The answer, as we know now, is that Glee tried to be all of these things, often within the same episode, but more often from episode to episode.

By the time the show hits its second season it had a lot of people exhausted. As critic Matt Zoller Seitz lamented in an article for Salon in 2011:

I hope Glee gets a grip on itself and returns to some semblance of consistency and sense. Right now it's the network TV show as brilliant cokehead pal — lively, charming and funny, but also manic, scattered and inept; the sort of friend who would show up during the last 10 minutes of your birthday party looking like he just rolled out of a dumpster, and regift you a present you gave him last year — with the shrink-wrap still on it. You look at a friend like that and think, Deep down, he's still the same person he always was — and even at his worst, he has his moments. But you also wonder if those moments are worth the trouble.

By season three many more had jumped ship. In fact, quitting Glee loudly and publicly was practically popular enough to make its way into the zeitgeist on its own. A modern-day, campy, high school-set Lost, if you will: Lots of love, lots of dejected sighing.

When the show sent some of its characters to New York at the start of the fourth season, though, some critics braced themselves for a possible Glee resurgence. Seitz wrote about it for Vulture, nicely summing up the show's power of retention:

Yet here I am, still watching [Glee]. Why? Because Ryan Murphy’s shows — made in collaboration with writer-producers Brad Falchuk (Glee, AHS) and Ian Brennan (Glee)—represent TV’s virtues and faults in their most heightened form. Scripted TV can be as tonally elastic as literary fiction, cinema, and pop music; it can be “realistic,” exaggerated, even figurative or fantastic, within the space of one episode. Yet few shows indulge that freedom, going anywhere their imagination takes them, and accepting the fact that the results will be hit-and-miss.

It seemed Glee's tackling of the twentysomething experience in New York City (hardly uncharted territory) could be almost as intoxicating as those first gusts of high school angst (also hardly uncharted) were back in Season 1:

But I’m willing to live with Glee’s irritants because, at their most raw and calculatedly naïve, the New York scenes remind me of what it was like to be on the cusp of twenty: sensitive and horny and ambitious; wanting to hold on to the person that you were, even as you strive to become the person you think you’re meant to be.

The downfall was, of course, that Glee tried to juggle a rehash of that high school angst while simultaneously taking on that New York frontier. In other words: Glee's highs and lows have never once distanced themselves from their place by the show's side, and complaints and rage-quits raged on.

Despite my personal best efforts to remain above the fray (hint: That's a lie and I very much live in the midst of the fray) my Glee viewing habits have very much reflected what seems to be the critical norm: Love, then hate, then meh, then love, then hate — then some loud announcements that I'm quitting, then some "accidental" catching-up that you only reluctantly admit to, and here we are.

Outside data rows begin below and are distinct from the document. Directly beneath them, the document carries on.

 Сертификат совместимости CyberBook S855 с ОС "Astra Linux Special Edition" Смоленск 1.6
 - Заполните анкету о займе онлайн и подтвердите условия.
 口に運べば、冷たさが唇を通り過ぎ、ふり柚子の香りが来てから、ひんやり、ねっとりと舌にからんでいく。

And Glee, in many ways, has transformed enormously over the years: Kurt Hummel, for one, went through a magical Matthew Lewis-like puberty, and Rachel Berry is hardly the underdog these days. Fifth season Glee is a far cry from first season Glee.

But at some weird amoebic level, Glee is still what it's always been: Loud, try-hard, endlessly messy, offensive, and simultaneously acerbic and sappy. Glee is just...Glee. And it's never really learned how to be anything but.